Center for Curatorial Leadership Engages Next Generation of Museum Leaders

Fifteen Art History Doctoral Students Selected for 2016 CCL/Mellon Foundation Seminar in Curatorial Practice
 

This year, the Center for Curatorial Leadership (CCL) welcomes its third class of art history doctoral students to the CCL/Mellon Foundation Seminar in Curatorial Practice. The two-week curatorial intensive takes place in New York City and introduces a select group of promising young scholars to the leadership skills that underlie cultural institutions as well as the importance of object-based methodologies.
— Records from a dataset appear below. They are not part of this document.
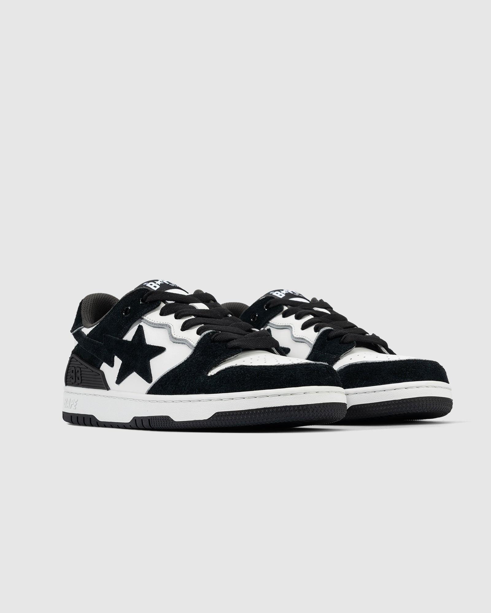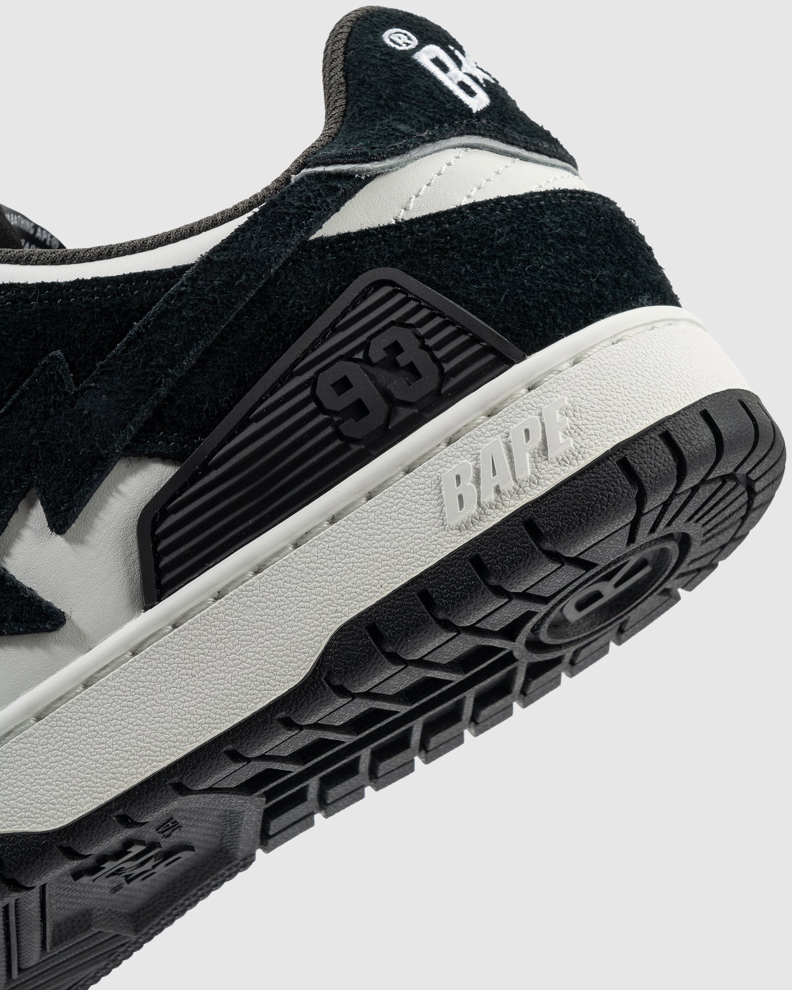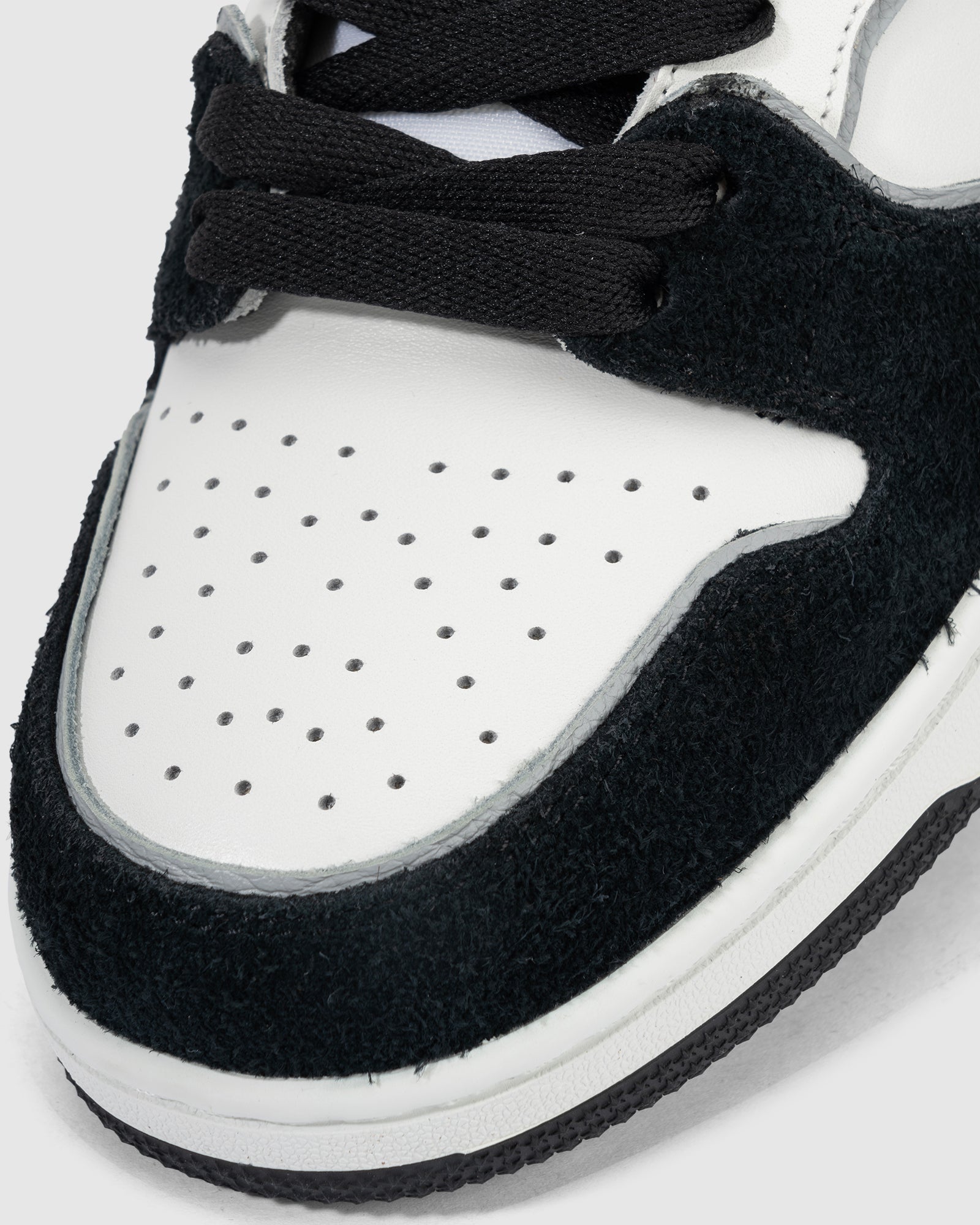 Low top sneakers. Suede overlays around the toe. eyelet panels. and heel counter. Perforated leather toe box. Leather side panels. and collar. Suede logos stitched on the side panels. Suede overlay on the back of the collar with an embroidered logo. Embroidered logo on the Front lacing. Front lacing. Synthetic insert on the outer heel. Rubber midsole. Rubber outsole.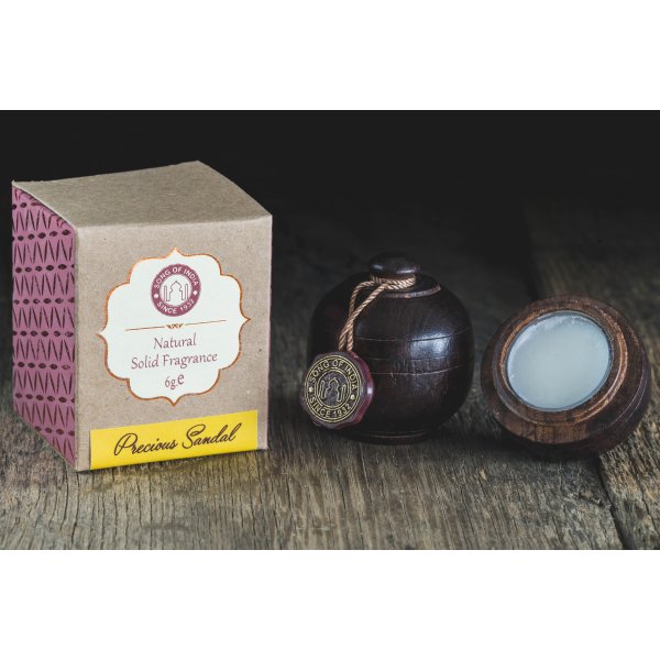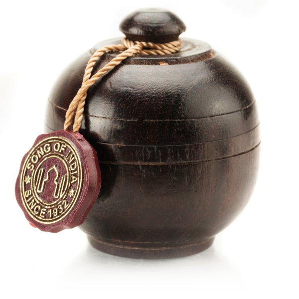 Opakowanie: ręcznie wykonany słoiczek z kory indyjskiego palisandru – każdy egzemplarz jest unikatowy
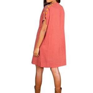Natural Life Boho Cotton Embroidered Tassel Dress size L Short Sleeve Floral

Inaugurated in 2014 through the generous support of a grant from the Andrew W. Mellon Foundation, the seminar scales CCL’s core program for senior curators to a younger generation of doctoral students in order to cultivate curatorial leaders at an earlier phase in their professional growth. As is its mission, the seminar strengthens the students’ outstanding academic backgrounds with a critical awareness of curatorial practice. 

A panel of senior curators and CCL/Mellon Foundation Seminar alumni chose the fifteen students from a pool of nearly 70 applicants. The incoming participants come from thirteen public and private universities across the country and possess a wide range of educational and professional backgrounds. For some students this will be their first sustained consideration of museological applications, while others have a track record of curatorial accomplishments—including independent curators, museum fellows, and curatorial collective members.

Each student brings to the program a distinct area of art historical specialty that drives the programming for the duration of the seminar. The cohort’s specializations run the gamut from Edo-period Japan, Early Renaissance, and eighteenth and nineteenth-century European visual culture to modern photography of the African Diaspora and contemporary media. This breadth of global interests promises to enrich the dialogue around museum collections and exhibitions while underscoring the nuances of varied curatorial approaches. 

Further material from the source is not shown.